The Yoga Sutra tells us this descriptive affirmation in respect of an object, which is called the idea of an object, should be withdrawn. That is, we should not look at anything with a prejudgment. Without any kind of previous notion of a thing, is it possible to associate ourselves with the thing? The idea we have of an object—or our idea about anything, for that matter—cannot be regarded as a completely justifiable idea. The idea that we have about anything arises on account of the very nature of the structure of our psychophysical personality. When we change in the process of evolution, our ideas of things also change. There is a total change taking place, and the whole world evolves higher and higher into the further levels of the evolutionary process. Therefore, with intense analytical power it should be possible for us to adjust ourselves to the true nature of an object without any kind of description or ideational quality about it.
We also give the object a name. This is Rama, this is Krishna, this is Govinda, this is John, this is Joseph, this is a tree, and this is a mountain.

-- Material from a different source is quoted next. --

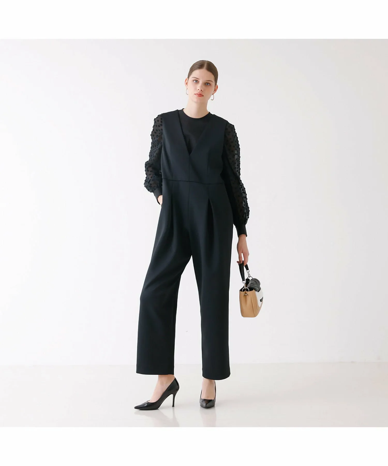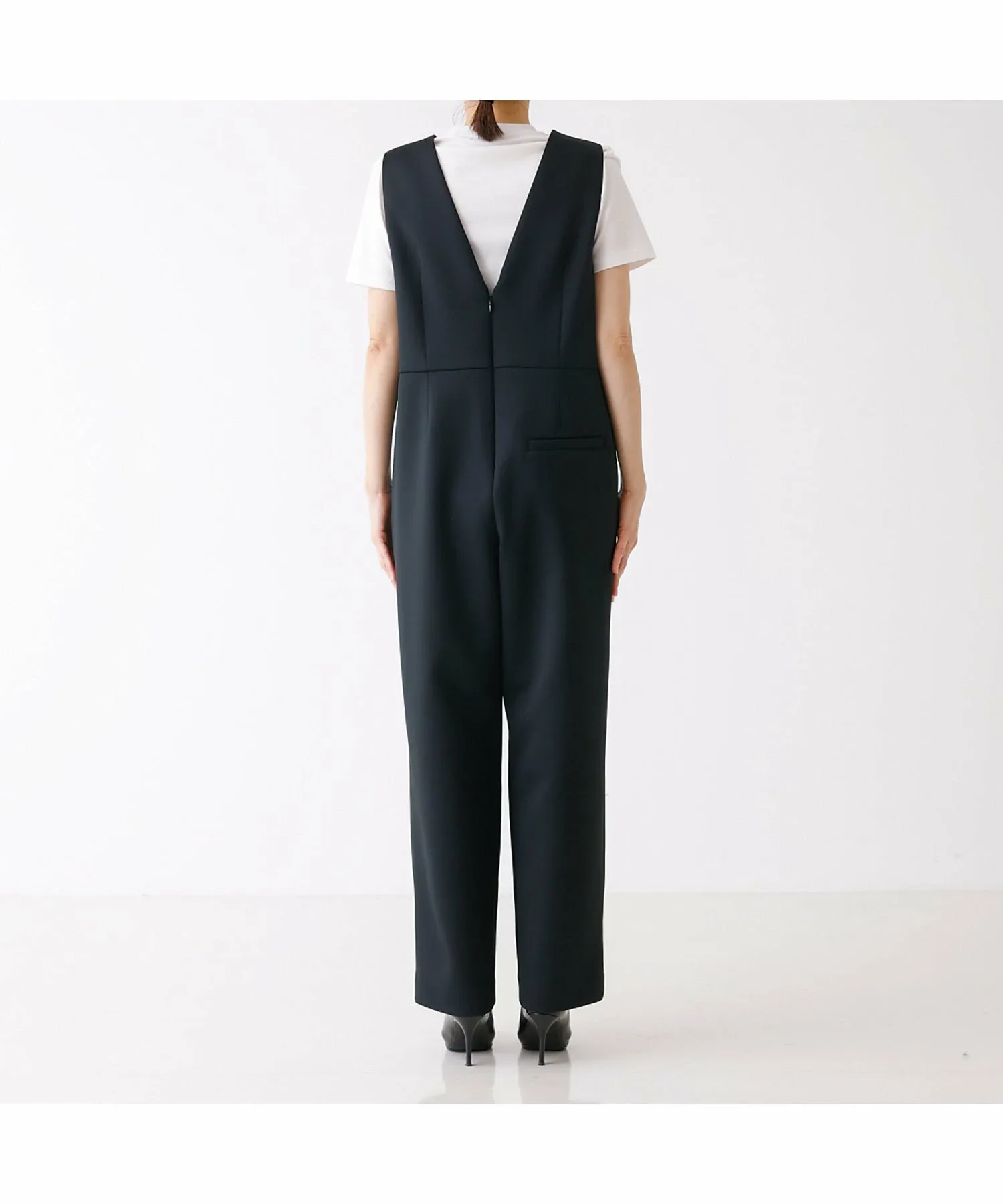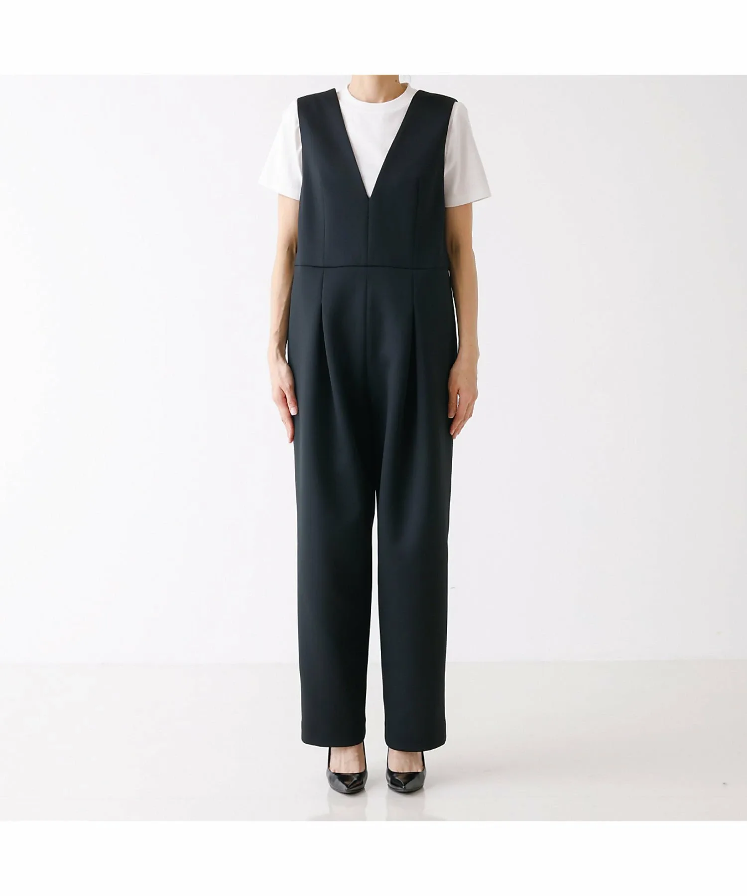 Комбинезон имеет глубокий V-образный вырез, пояс, который облегает верхнюю часть для создания обтекаемого силуэта, а брюки имеют одну складку для чуть более широкого силуэта.

Things have no name, really speaking. Name is a necessity that has arisen in the process of determining the nature of an object as distinguished from another object. When an object emerges, it does not come with a name attached to it. You yourself have no name, really speaking. You are Govinda, Rama, Krishna or Joseph, but who told you that you are that? The basic characterisation of ourselves as somebody, and not somebody else, gets infused into our existence right from the beginning, at the time of birth. This naming quality introduces itself to us so intensely and vehemently that we cannot think that we are someone else. Joseph is only Joseph; he will not think that he is John, though there is no great philosophical justification that he should be only Joseph and not John. This applies to the nature of every object in this world. It need not be called by that name. Its name is a convenience that we have created in order to distinguish one thing from the other, but the convenience itself becomes the nature of the object. Hence, we have to divest ourselves not only from the idea of the object, but also from the name or definition that we attach to it.